## To do
Copy each line below as it stands, but skip any picture it contains.

======== Information provided ========

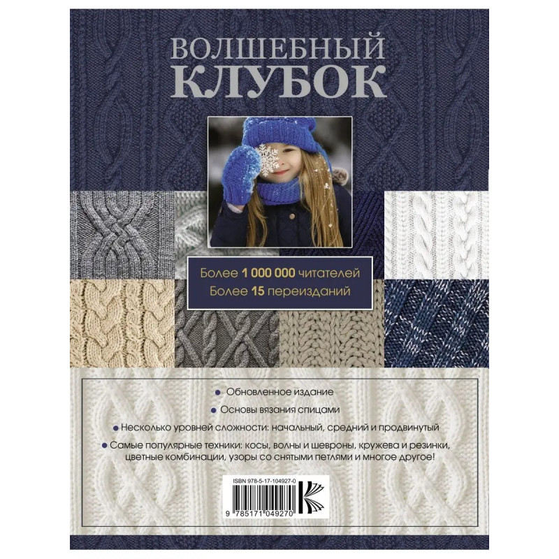 Красивые вязаные вещи начинаются с правильно подобранного узора. В этом незаменимым помощником станет для вас обновленное издание Волшебного клубка! Все узоры содержат описание и схемы, поделены на три уровня сложности: начальный, средний и продвинутый. В книге вы найдете самые популярные техники: косы и араны, волны и шевроны, кружева и ажурные узоры, резинки, цветные комбинации, узоры со снятыми петлями и многое другое. Такая книга станет прекрасным подарком вязальщице! Побалуйте себя новыми идеями и узорами для вязания!
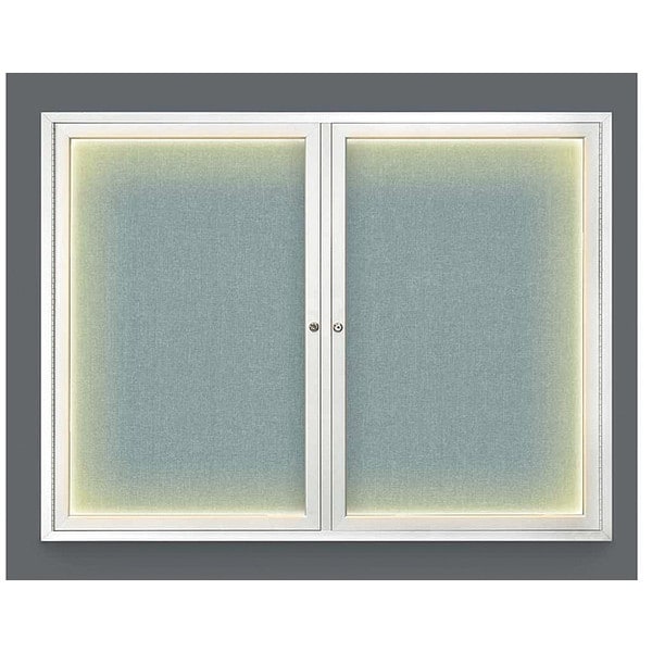 Corkboard,Lighted,Fabric,2 Door,Satin/Cld,42 x 32 In.
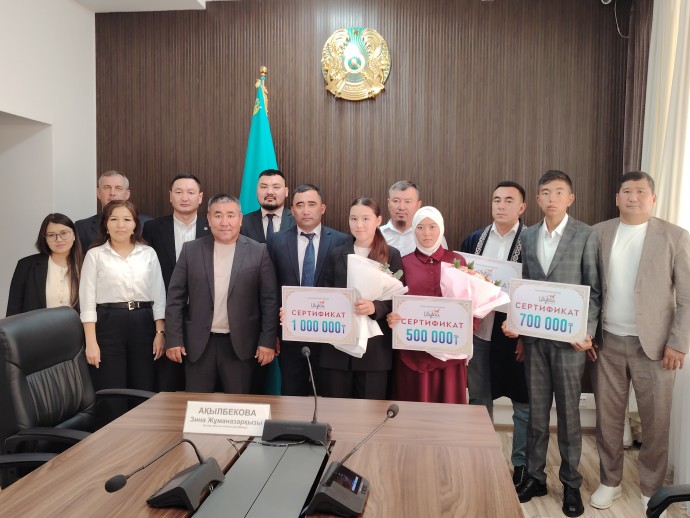 Алтын медаль иесі Айша Аршабекова — 1 000 000 тг, күміс медаль иеленген Жансұлтан Марат – 700 000 тг, қола жүлдегер Ханифа Қалманбай – 500 мың теңгелік ақшалай сертификатқа ие болды.

========

## Problem solution
 Красивые вязаные вещи начинаются с правильно подобранного узора. В этом незаменимым помощником станет для вас обновленное издание Волшебного клубка! Все узоры содержат описание и схемы, поделены на три уровня сложности: начальный, средний и продвинутый. В книге вы найдете самые популярные техники: косы и араны, волны и шевроны, кружева и ажурные узоры, резинки, цветные комбинации, узоры со снятыми петлями и многое другое. Такая книга станет прекрасным подарком вязальщице! Побалуйте себя новыми идеями и узорами для вязания!
 Corkboard,Lighted,Fabric,2 Door,Satin/Cld,42 x 32 In.
 Алтын медаль иесі Айша Аршабекова — 1 000 000 тг, күміс медаль иеленген Жансұлтан Марат – 700 000 тг, қола жүлдегер Ханифа Қалманбай – 500 мың теңгелік ақшалай сертификатқа ие болды.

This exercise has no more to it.